Also attached. message.txt

🔁 How can we reproduce it:

Have a docker with nvidia gpu, in my case 1050, it does not get recognized in server stats.

Please provide additional information:

scepterus commented 9 months ago

@derneuere I found the issue. CUDA was not seen correctly due to this part:

deploy:
      resources:
        reservations:
          devices:
            - driver: nvidia
              count: all
              capabilities: [all]

Once I removed that, and ran nvidia-smi CUDA showed the version that's installed. However, now I face another issue, where the CUDA installed in the docker is older that what I have on the host. So I get this:

05:13:14 [Q] ERROR Failed 'api.directory_watcher.face_scan_job' (illinois-asparagus-stream-tennis) - Error while calling cudaGetDevice(&the_device_id) in file /tmp/builds/dlib/dlib/cuda/gpu_data.cpp:204. code: 804, reason: forward compatibility was attempted on non supported HW : Traceback (most recent call last):
  File "/usr/local/lib/python3.10/dist-packages/django_q/worker.py", line 88, in worker
    res = f(*task["args"], **task["kwargs"])
  File "/code/api/directory_watcher.py", line 411, in face_scan_job
    photo._extract_faces()
  File "/code/api/models/photo.py", line 729, in _extract_faces
    import face_recognition
  File "/usr/local/lib/python3.10/dist-packages/face_recognition/__init__.py", line 7, in <module>
    from .api import load_image_file, face_locations, batch_face_locations, face_landmarks, face_encodings, compare_faces, face_distance
  File "/usr/local/lib/python3.10/dist-packages/face_recognition/api.py", line 26, in <module>
    cnn_face_detector = dlib.cnn_face_detection_model_v1(cnn_face_detection_model)
RuntimeError: Error while calling cudaGetDevice(&the_device_id) in file /tmp/builds/dlib/dlib/cuda/gpu_data.cpp:204. code: 804, reason: forward compatibility was attemp

You might want to update the guide and remove those deploy things if that's the case for everyone.
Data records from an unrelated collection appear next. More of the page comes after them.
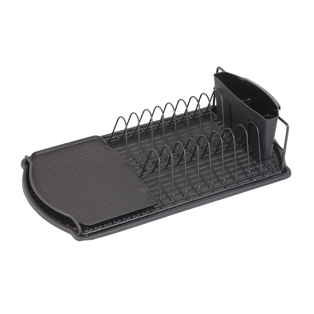 Suszarki Torino to stalowa malowana proszkowo na kolor czarny, wolnostojąca suszarka do naczyń. Matowe wykończenie sprawia, że suszarka oprócz swojej funkcjonalności zyskuje na estetycznym wyglądzie. Niezwykle praktyczna bez problemu zmieści się na blacie kuchennym czy w szafce nad zlewozmywakiem. Torino to model, który posiada dodatkową podkładkę, dzięki której możemy suszyć kubki oraz szklanki. Przy pozbyciu się wody ze sztućców i innych przyborów kuchennych przydatne będą podzielone na trzy części pojemniki z tworzywa sztucznego, w których przybory kuchenne zachowają pionowe ustawienie. Taca będąca w zestawie z suszarką zabezpiecza blat przed wodą spływającą z naczyń, dzięki czemu nie musimy martwić się o ewentualne uszkodzenia. Czarne suszarki Torino to efektowna ozdoba połączona z niezwykłą funkcjonalnością.
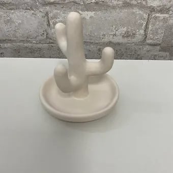 This Cactus Ring Holder is a fantastic accessory for any DIY Unpainted Ceramics enthusiast. Measuring at 3.5W x 3.75H, this holder is perfect for keeping your rings organized with its jewelry tray at the bottom. Unlike other ceramics products, there's no need to go through the hassle of firing it again. All you need to do is spray it with a clear gloss or use our 2 oz. Mod Podge bottle to give it the finishing touch it deserves. Don't miss out on this unique and stylish holder.
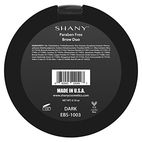 People usually forget how important brows really are. They are not just lines of hair over your eyes, they are your main asset to frame the rest of your face. The SHANY Star Brow Duo is the best tool to create perfectly smudge free brows. The SHANY Star Brow Duo comes in four separate shade combinations with two perfectly paired brow powders to customize and blend to your own brow color. This is the perfect product for all skin/ hair tones and its long-lasting formulation is Paraben-free. Its perfect for everyday looks or on days when you want to give that extra POW. Paired with a SHANY angled eyebrow brush, application is a breeze. It also doubles as an eye shadow. This brow duo comes in a small and convenient singlet that can be easily taken on-the-go. Made in USA.Feature
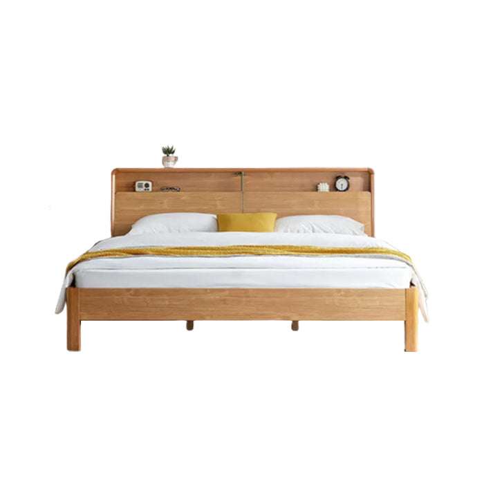 Contemporary Panel Bed in Natural Solid Wood Bed with Rectangular Headboard
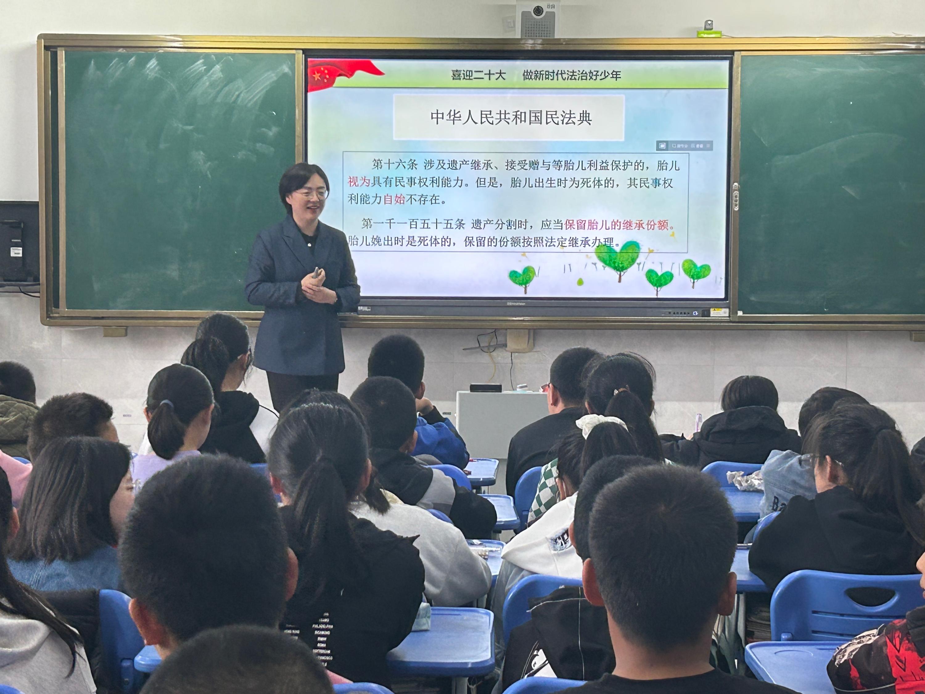 图8 邹秀圆律师走进学校为同学们讲解《民法典》
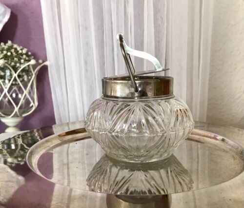Antik Bonboniere Gefäß Glas Metallmontur Glas Pressglas Senftopf Konfitüre Dose
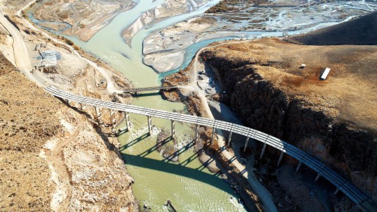 這是2020年10月27日在吉爾吉斯斯坦拍攝的新北南公路二期工程施工現(xiàn)場。新華社發(fā)
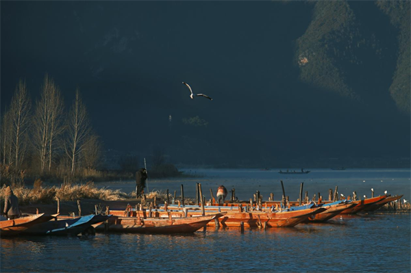 這個冬天,到瀘沽湖觀賞晨霧火了。清晨的第一縷陽光灑在湖邊的豬槽船上,遠處欣賞晨霧的游人已經出發去追尋湖心的美景,遠道而來的紅嘴鷗也醒來了。(李羿翥 攝)
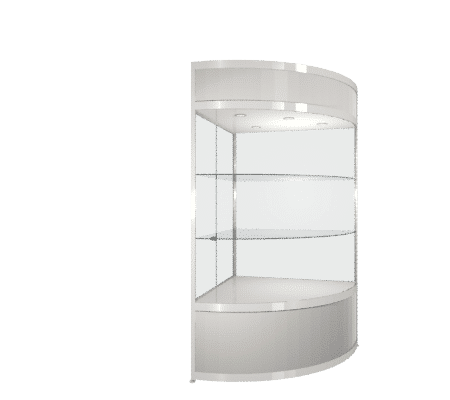 Vitrine cintrée en structure aluminium et panneaux bois – Eclairage led sur plafonnier – Portes coulissantes fermant à clef. Plusieurs coloris sont disponibles.
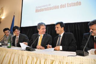 De visita ambos en Mar del Plata, el jefe de Gabinete, Sergio Massa, y el secretario general de la gobernación bonaerense, José “Pepe” Scioli, firmaron un convenio de asistencia técnica para fortalecer los programas de modernización del Estado. Fue el viernes a la noche, en un acto en el Hotel Provincial, donde los dos posaron para los fotógrafos. Junto a Massa estuvo el secretario de Gestión Pública, Juan Manuel Abal Medina; con Scioli estuvo el subsecretario de Modernización del Estado, Diego Gorgal. Tal como informó Página/12, Scioli será uno de los candidatos que acompañarán a Néstor Kirchner en la lista de diputados del oficialismo.
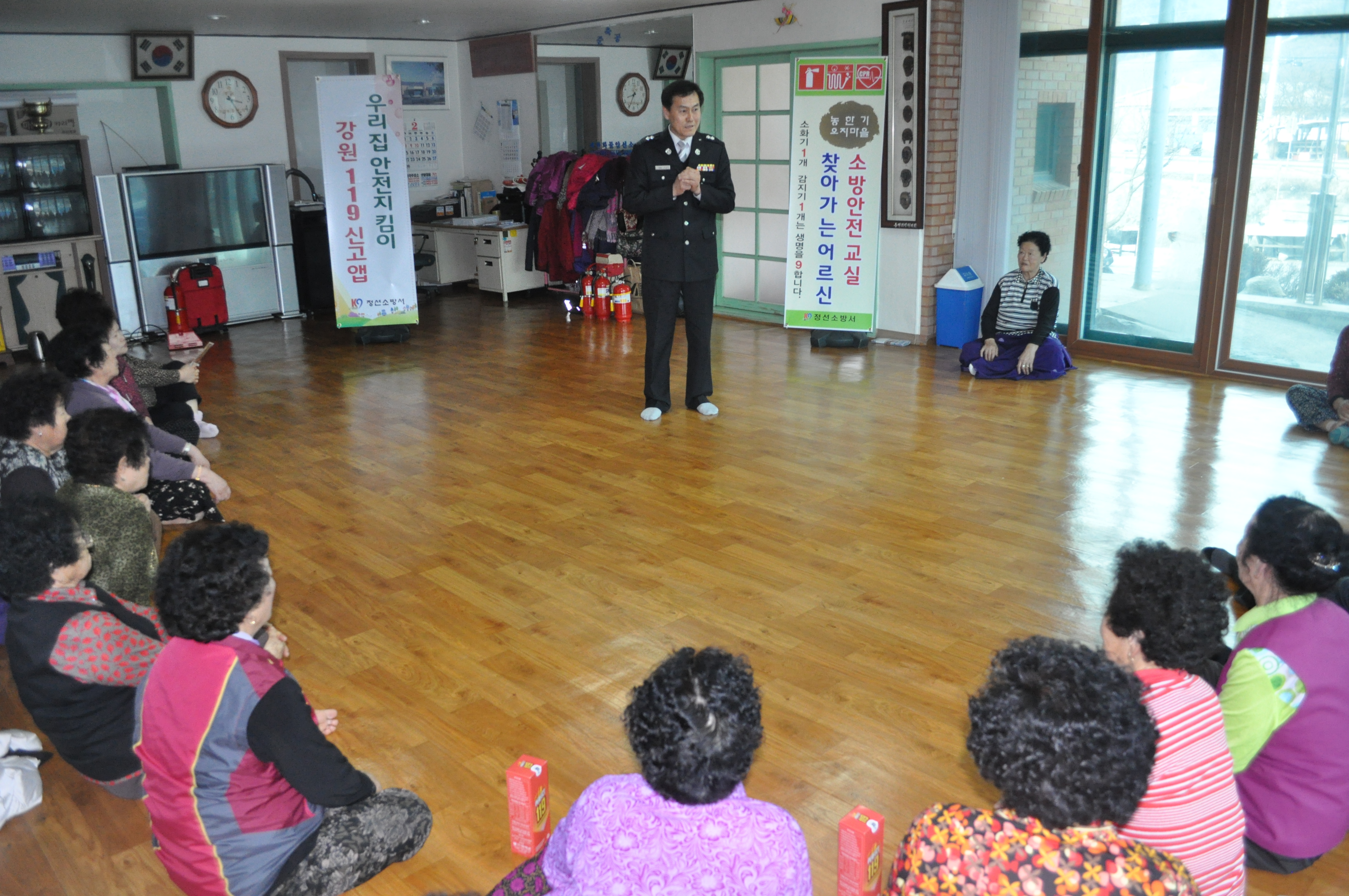 정선소방서(서장 이기중)는 2016. 02. 24 백전리노인정에서 '농한기 오지마을, 찾아가는 소방안전교실' 캠페인을 실시하였습니다.

Will try to update the CUDA in the container and see what happens.

scepterus commented 9 months ago

UPDATE: Just found out this needs to be done in the docker file. So we'll need to figure this out for everyone. Maybe a check to see which CUDA is installed, then populate the version that's being pulled?

scepterus commented 8 months ago

@derneuere Any chance to get this fixed? I do not want to go back to cpu if this will be fixed soon, but right now this thing is totally broken.

derneuere commented 8 months ago

dlib is compiled against a specific version of cuda, which is in this case Cuda 11.7.1 with cudnn8

It complains that "forward compatibility" was attempted and failed. This means that the host system has likely old drivers. That could either be an issue, that the graphic card is old or the drivers are old.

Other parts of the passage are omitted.